### [Prompt]
For the listing below, print exactly the lines from the line with "这里有一点比较模糊的,就是关" to the line with "Releele pentru monitorizare", both included, and nothing beyond them.

### [Data provided]
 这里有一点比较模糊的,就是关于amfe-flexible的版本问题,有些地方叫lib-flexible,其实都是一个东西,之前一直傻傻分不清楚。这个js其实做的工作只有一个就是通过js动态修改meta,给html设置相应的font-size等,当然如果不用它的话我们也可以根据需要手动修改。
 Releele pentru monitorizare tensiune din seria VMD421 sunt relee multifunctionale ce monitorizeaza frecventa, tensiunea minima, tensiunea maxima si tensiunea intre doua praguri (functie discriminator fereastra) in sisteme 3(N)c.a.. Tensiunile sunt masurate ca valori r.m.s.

* * *

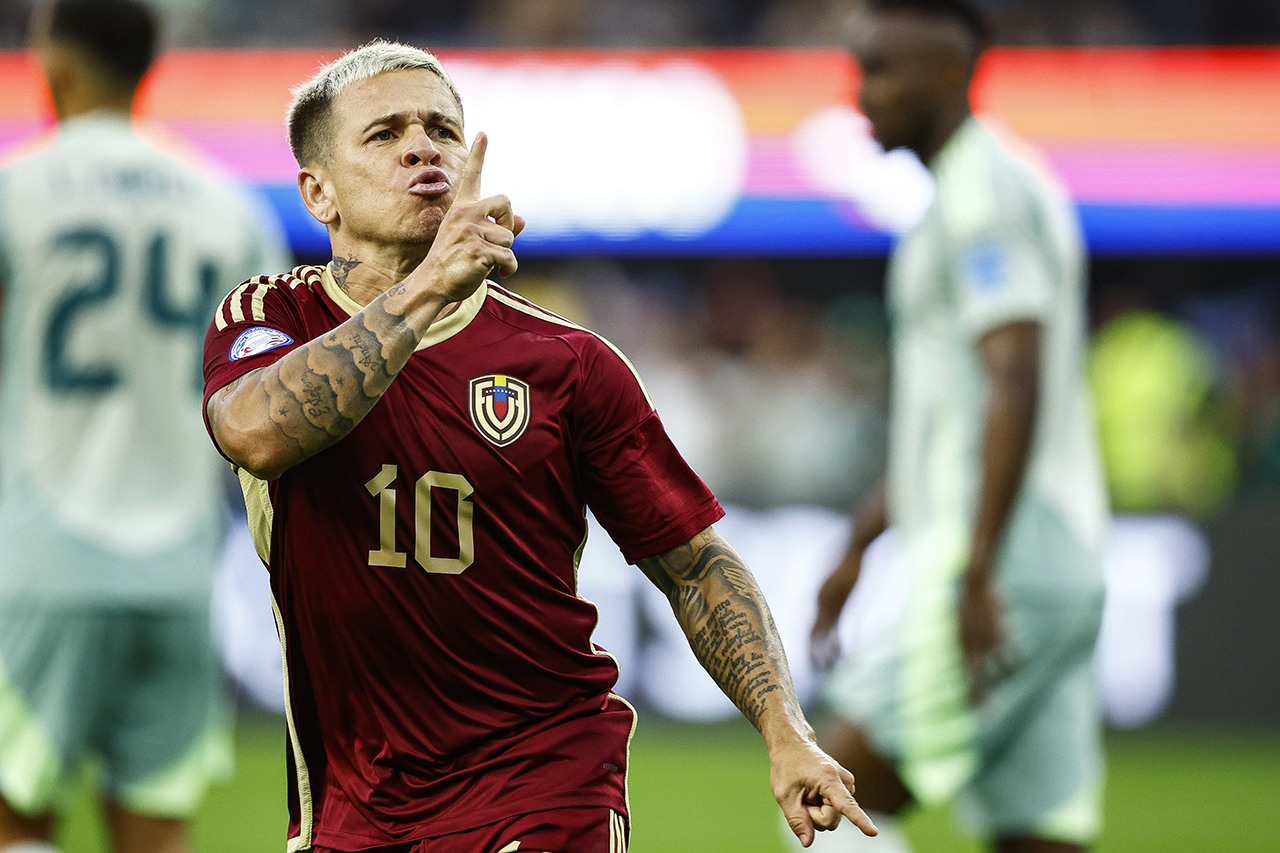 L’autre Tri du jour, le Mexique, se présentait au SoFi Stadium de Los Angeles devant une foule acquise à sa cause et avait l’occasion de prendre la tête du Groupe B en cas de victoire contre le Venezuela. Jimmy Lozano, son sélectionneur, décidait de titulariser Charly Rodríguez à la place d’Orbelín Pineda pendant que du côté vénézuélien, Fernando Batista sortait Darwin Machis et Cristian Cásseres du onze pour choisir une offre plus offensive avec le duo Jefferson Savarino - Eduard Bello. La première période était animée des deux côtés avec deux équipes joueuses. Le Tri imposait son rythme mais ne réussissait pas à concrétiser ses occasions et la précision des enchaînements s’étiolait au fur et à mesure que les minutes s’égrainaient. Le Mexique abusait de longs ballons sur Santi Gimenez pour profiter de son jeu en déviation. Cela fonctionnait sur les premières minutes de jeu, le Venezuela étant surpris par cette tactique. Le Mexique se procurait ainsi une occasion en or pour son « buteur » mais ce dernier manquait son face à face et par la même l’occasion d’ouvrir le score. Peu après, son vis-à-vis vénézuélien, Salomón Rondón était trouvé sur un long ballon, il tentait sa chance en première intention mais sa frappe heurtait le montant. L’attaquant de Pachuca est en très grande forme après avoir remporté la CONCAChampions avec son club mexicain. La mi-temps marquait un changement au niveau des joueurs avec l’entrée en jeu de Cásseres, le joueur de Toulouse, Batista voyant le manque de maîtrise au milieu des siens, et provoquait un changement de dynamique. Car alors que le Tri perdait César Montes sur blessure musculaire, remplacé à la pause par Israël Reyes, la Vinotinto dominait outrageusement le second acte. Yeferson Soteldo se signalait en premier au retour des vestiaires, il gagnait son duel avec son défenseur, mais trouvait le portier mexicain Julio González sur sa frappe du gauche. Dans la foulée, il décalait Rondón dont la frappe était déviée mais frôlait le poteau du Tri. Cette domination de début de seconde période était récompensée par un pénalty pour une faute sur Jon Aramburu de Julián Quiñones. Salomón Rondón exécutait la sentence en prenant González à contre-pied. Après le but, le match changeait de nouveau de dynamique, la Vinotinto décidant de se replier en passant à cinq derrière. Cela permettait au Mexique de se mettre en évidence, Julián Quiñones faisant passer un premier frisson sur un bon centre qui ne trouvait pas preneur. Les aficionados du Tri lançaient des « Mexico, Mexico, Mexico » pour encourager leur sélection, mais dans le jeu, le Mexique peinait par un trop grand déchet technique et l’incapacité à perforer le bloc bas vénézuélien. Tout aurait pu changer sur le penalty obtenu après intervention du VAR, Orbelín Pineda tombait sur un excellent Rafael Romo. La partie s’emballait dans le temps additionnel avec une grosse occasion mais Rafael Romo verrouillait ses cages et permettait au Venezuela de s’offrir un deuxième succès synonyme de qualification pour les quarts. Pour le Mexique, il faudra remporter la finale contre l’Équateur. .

### [Solution]
 这里有一点比较模糊的,就是关于amfe-flexible的版本问题,有些地方叫lib-flexible,其实都是一个东西,之前一直傻傻分不清楚。这个js其实做的工作只有一个就是通过js动态修改meta,给html设置相应的font-size等,当然如果不用它的话我们也可以根据需要手动修改。
 Releele pentru monitorizare tensiune din seria VMD421 sunt relee multifunctionale ce monitorizeaza frecventa, tensiunea minima, tensiunea maxima si tensiunea intre doua praguri (functie discriminator fereastra) in sisteme 3(N)c.a.. Tensiunile sunt masurate ca valori r.m.s.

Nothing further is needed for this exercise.